=== WHAT IS REQUIRED ===
Drop the images. Copy every line below character for character.

── GIVEN ENTRIES ──

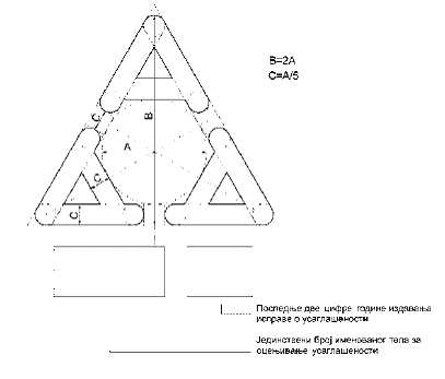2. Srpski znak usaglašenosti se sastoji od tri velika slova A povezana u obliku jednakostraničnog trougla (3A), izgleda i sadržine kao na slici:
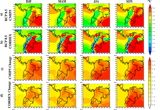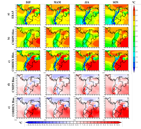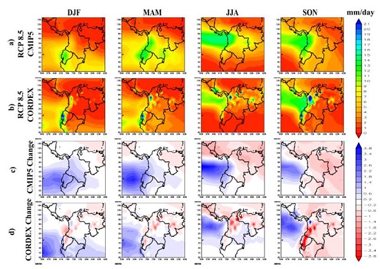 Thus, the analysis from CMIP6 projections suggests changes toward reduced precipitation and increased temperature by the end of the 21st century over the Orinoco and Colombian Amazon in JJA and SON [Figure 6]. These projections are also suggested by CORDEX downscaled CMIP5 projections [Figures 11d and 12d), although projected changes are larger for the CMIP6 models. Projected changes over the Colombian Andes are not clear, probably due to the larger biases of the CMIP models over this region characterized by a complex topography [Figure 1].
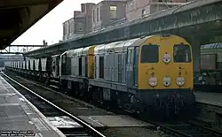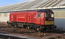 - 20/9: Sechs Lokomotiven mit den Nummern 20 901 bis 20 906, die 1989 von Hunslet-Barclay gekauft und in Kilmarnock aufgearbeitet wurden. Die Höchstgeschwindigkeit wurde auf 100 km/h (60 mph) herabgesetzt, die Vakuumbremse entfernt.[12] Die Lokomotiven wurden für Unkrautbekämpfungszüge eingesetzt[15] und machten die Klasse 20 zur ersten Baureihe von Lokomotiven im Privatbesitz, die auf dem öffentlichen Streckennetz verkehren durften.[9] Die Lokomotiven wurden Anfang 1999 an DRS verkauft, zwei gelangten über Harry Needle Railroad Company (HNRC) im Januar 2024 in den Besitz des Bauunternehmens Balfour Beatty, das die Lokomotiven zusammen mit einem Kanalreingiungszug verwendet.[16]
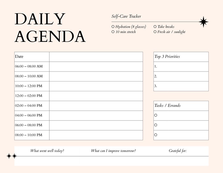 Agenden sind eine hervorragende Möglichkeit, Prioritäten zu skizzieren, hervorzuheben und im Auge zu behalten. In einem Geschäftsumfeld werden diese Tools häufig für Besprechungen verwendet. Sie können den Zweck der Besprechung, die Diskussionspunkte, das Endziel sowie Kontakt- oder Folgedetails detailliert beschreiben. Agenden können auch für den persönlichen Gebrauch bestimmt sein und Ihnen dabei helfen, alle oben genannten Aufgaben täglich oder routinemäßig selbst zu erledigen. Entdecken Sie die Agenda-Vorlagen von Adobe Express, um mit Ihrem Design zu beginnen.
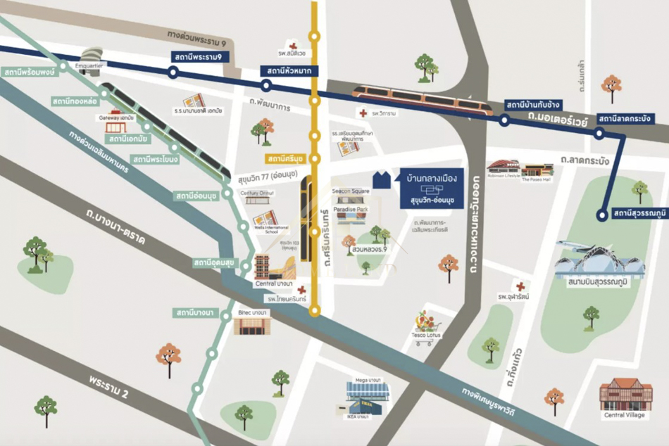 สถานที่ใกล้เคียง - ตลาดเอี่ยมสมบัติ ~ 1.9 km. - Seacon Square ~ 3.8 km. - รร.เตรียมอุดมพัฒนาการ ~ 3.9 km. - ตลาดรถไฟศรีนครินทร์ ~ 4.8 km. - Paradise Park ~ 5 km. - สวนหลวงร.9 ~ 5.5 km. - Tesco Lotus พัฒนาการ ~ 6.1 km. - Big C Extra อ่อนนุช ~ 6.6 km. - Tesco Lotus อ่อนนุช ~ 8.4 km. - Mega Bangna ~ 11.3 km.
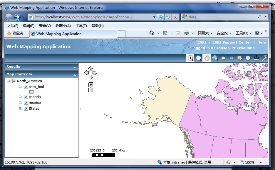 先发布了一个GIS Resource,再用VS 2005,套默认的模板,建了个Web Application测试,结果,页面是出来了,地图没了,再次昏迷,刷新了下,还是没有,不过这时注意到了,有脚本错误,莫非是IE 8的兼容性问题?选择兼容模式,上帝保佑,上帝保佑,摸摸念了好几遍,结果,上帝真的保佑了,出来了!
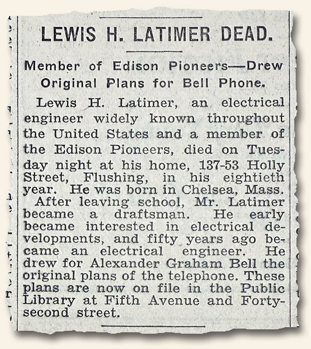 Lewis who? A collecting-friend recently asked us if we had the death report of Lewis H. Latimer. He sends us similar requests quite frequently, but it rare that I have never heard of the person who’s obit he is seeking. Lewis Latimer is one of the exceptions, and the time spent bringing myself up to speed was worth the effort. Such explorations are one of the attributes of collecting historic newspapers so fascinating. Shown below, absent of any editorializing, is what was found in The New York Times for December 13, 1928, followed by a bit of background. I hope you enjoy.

───

=== OUTPUT ===
2. Srpski znak usaglašenosti se sastoji od tri velika slova A povezana u obliku jednakostraničnog trougla (3A), izgleda i sadržine kao na slici:
 Thus, the analysis from CMIP6 projections suggests changes toward reduced precipitation and increased temperature by the end of the 21st century over the Orinoco and Colombian Amazon in JJA and SON [Figure 6]. These projections are also suggested by CORDEX downscaled CMIP5 projections [Figures 11d and 12d), although projected changes are larger for the CMIP6 models. Projected changes over the Colombian Andes are not clear, probably due to the larger biases of the CMIP models over this region characterized by a complex topography [Figure 1].
 - 20/9: Sechs Lokomotiven mit den Nummern 20 901 bis 20 906, die 1989 von Hunslet-Barclay gekauft und in Kilmarnock aufgearbeitet wurden. Die Höchstgeschwindigkeit wurde auf 100 km/h (60 mph) herabgesetzt, die Vakuumbremse entfernt.[12] Die Lokomotiven wurden für Unkrautbekämpfungszüge eingesetzt[15] und machten die Klasse 20 zur ersten Baureihe von Lokomotiven im Privatbesitz, die auf dem öffentlichen Streckennetz verkehren durften.[9] Die Lokomotiven wurden Anfang 1999 an DRS verkauft, zwei gelangten über Harry Needle Railroad Company (HNRC) im Januar 2024 in den Besitz des Bauunternehmens Balfour Beatty, das die Lokomotiven zusammen mit einem Kanalreingiungszug verwendet.[16]
 Agenden sind eine hervorragende Möglichkeit, Prioritäten zu skizzieren, hervorzuheben und im Auge zu behalten. In einem Geschäftsumfeld werden diese Tools häufig für Besprechungen verwendet. Sie können den Zweck der Besprechung, die Diskussionspunkte, das Endziel sowie Kontakt- oder Folgedetails detailliert beschreiben. Agenden können auch für den persönlichen Gebrauch bestimmt sein und Ihnen dabei helfen, alle oben genannten Aufgaben täglich oder routinemäßig selbst zu erledigen. Entdecken Sie die Agenda-Vorlagen von Adobe Express, um mit Ihrem Design zu beginnen.
 สถานที่ใกล้เคียง - ตลาดเอี่ยมสมบัติ ~ 1.9 km. - Seacon Square ~ 3.8 km. - รร.เตรียมอุดมพัฒนาการ ~ 3.9 km. - ตลาดรถไฟศรีนครินทร์ ~ 4.8 km. - Paradise Park ~ 5 km. - สวนหลวงร.9 ~ 5.5 km. - Tesco Lotus พัฒนาการ ~ 6.1 km. - Big C Extra อ่อนนุช ~ 6.6 km. - Tesco Lotus อ่อนนุช ~ 8.4 km. - Mega Bangna ~ 11.3 km.
 先发布了一个GIS Resource,再用VS 2005,套默认的模板,建了个Web Application测试,结果,页面是出来了,地图没了,再次昏迷,刷新了下,还是没有,不过这时注意到了,有脚本错误,莫非是IE 8的兼容性问题?选择兼容模式,上帝保佑,上帝保佑,摸摸念了好几遍,结果,上帝真的保佑了,出来了!
 Lewis who? A collecting-friend recently asked us if we had the death report of Lewis H. Latimer. He sends us similar requests quite frequently, but it rare that I have never heard of the person who’s obit he is seeking. Lewis Latimer is one of the exceptions, and the time spent bringing myself up to speed was worth the effort. Such explorations are one of the attributes of collecting historic newspapers so fascinating. Shown below, absent of any editorializing, is what was found in The New York Times for December 13, 1928, followed by a bit of background. I hope you enjoy.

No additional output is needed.